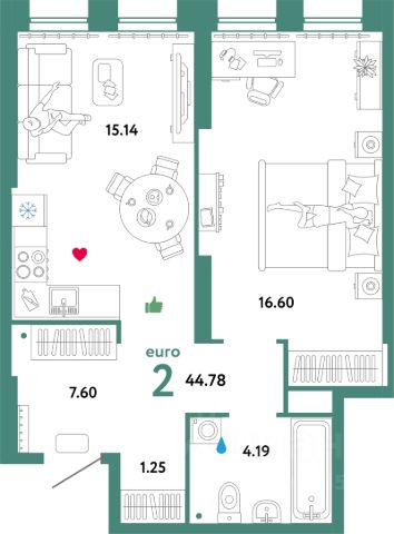Возможна перепланировка: на месте кухни обустроить спальню с увеличением до 7,7 м.кв., а в комнате просторную кухню-гостиную.
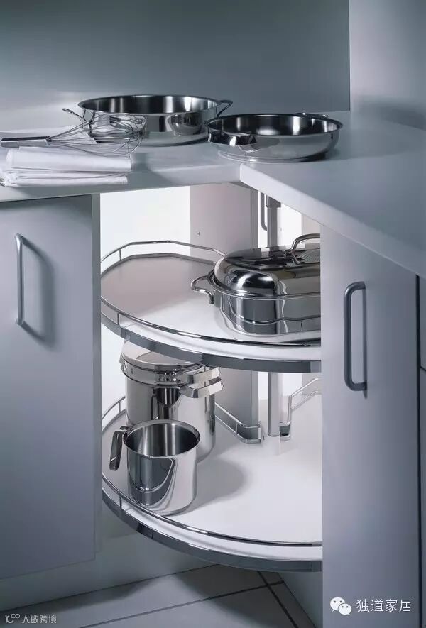 注意:两个拐角空间使用较困难,此处橱柜建议使用L型抽屉,或旋转型抽屉,也可根据需要在拐角处台面上摆放置物架,提高空间利用率。
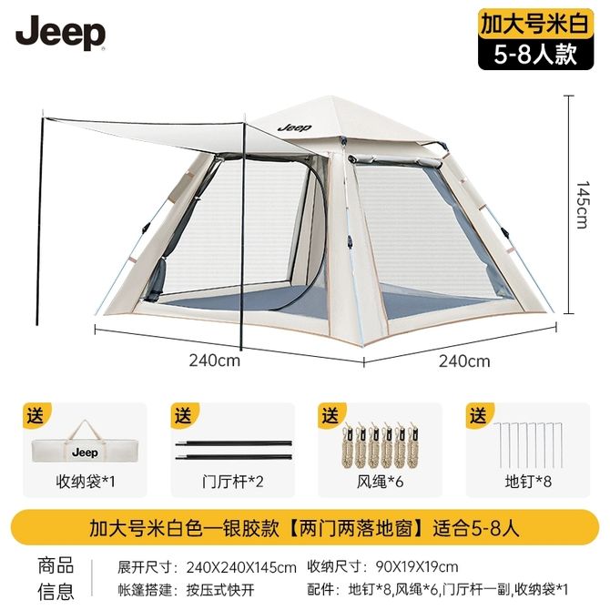 Jeep 加大款两门两落地窗自动速开帐篷 P751496 加大款240*240*145cm、银胶涂层、自动速开 兑换价格 13100 里程 会员卡别 终身白金卡 白金卡 金卡 银卡 普通卡 儿童卡 商品已下架 1. 请联系卖家咨询 2. 逛逛至恩户外运动专营店选择其他商品 组合销售 产品介绍 产品规格 售后服务 产品咨询 发现好货 北山狼/BSWolf 户外月亮椅露营折叠椅便携式野餐沙滩休闲躺椅 卡其色-成人款 2600 里程 徽羚羊 帐篷防雨布天幕户外遮阳超轻便携大凉棚野露营防雨遮阳棚 300*295CM 5000 里程 创悦(CREAJOY)便携式帐篷 2-3人室内外露营遮阳帐篷 200*150*115cm CY-5800蓝色 5300 里程 探险者(TAN XIAN ZHE) 帐篷 户外便携式折叠露营装备全自动帐篷 3-4人银胶速开帐篷 (200*145*120cm) 8500 里程 创悦(CREAJOY)全自动帐篷 2-3人野营露营免安装速开帐篷 200*150*135cm CY-5905A 绿色 8700 里程
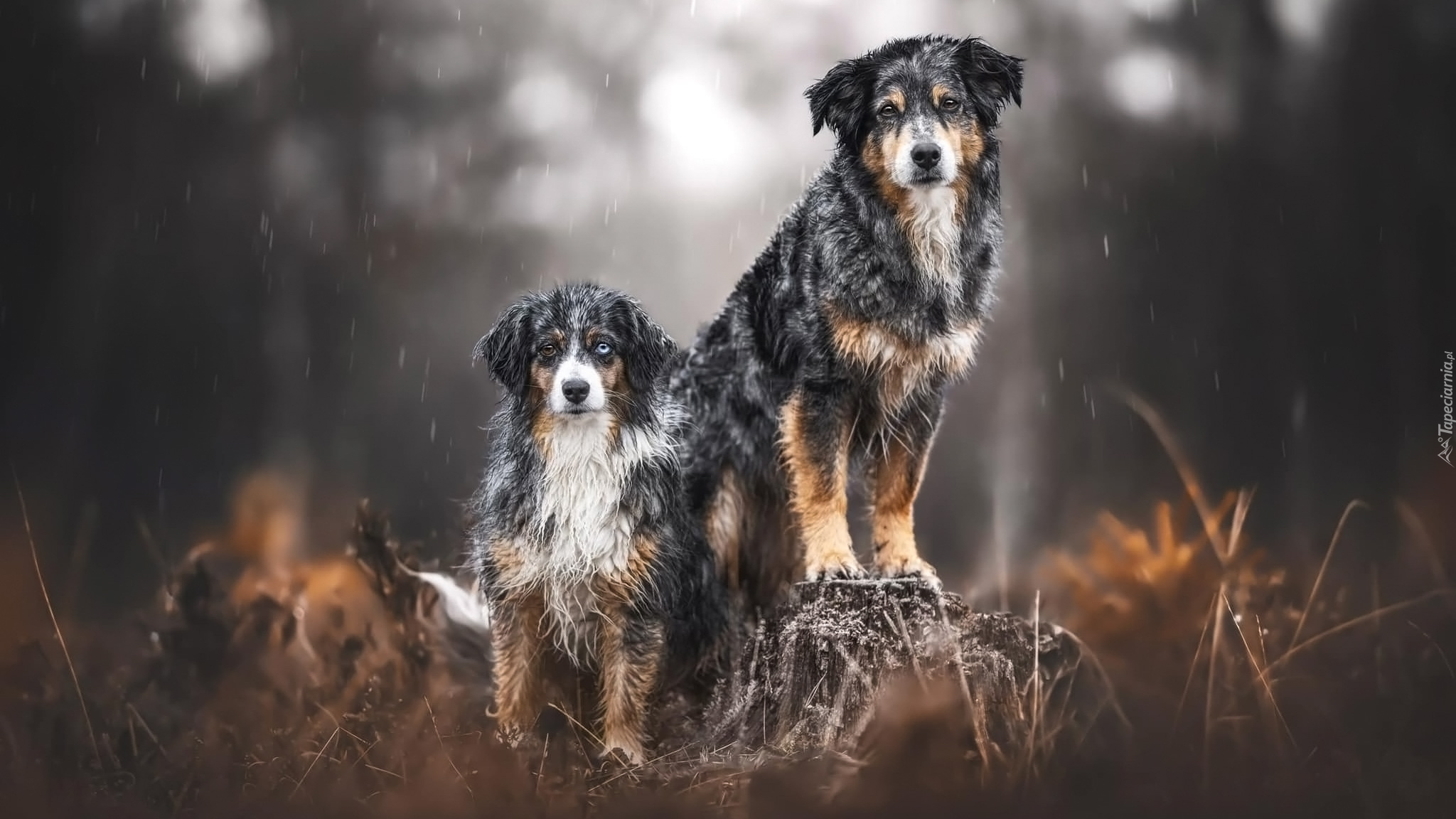 Edytor tapety: Dwa mokre psy w padającym deszczu

● **WHAT TO WORK ON**:
Full copy, no pictures: write out each line of the data exactly as it stands.

● **ANSWER TO THE PROBLEM**:
Возможна перепланировка: на месте кухни обустроить спальню с увеличением до 7,7 м.кв., а в комнате просторную кухню-гостиную.
 注意:两个拐角空间使用较困难,此处橱柜建议使用L型抽屉,或旋转型抽屉,也可根据需要在拐角处台面上摆放置物架,提高空间利用率。
 Jeep 加大款两门两落地窗自动速开帐篷 P751496 加大款240*240*145cm、银胶涂层、自动速开 兑换价格 13100 里程 会员卡别 终身白金卡 白金卡 金卡 银卡 普通卡 儿童卡 商品已下架 1. 请联系卖家咨询 2. 逛逛至恩户外运动专营店选择其他商品 组合销售 产品介绍 产品规格 售后服务 产品咨询 发现好货 北山狼/BSWolf 户外月亮椅露营折叠椅便携式野餐沙滩休闲躺椅 卡其色-成人款 2600 里程 徽羚羊 帐篷防雨布天幕户外遮阳超轻便携大凉棚野露营防雨遮阳棚 300*295CM 5000 里程 创悦(CREAJOY)便携式帐篷 2-3人室内外露营遮阳帐篷 200*150*115cm CY-5800蓝色 5300 里程 探险者(TAN XIAN ZHE) 帐篷 户外便携式折叠露营装备全自动帐篷 3-4人银胶速开帐篷 (200*145*120cm) 8500 里程 创悦(CREAJOY)全自动帐篷 2-3人野营露营免安装速开帐篷 200*150*135cm CY-5905A 绿色 8700 里程
 Edytor tapety: Dwa mokre psy w padającym deszczu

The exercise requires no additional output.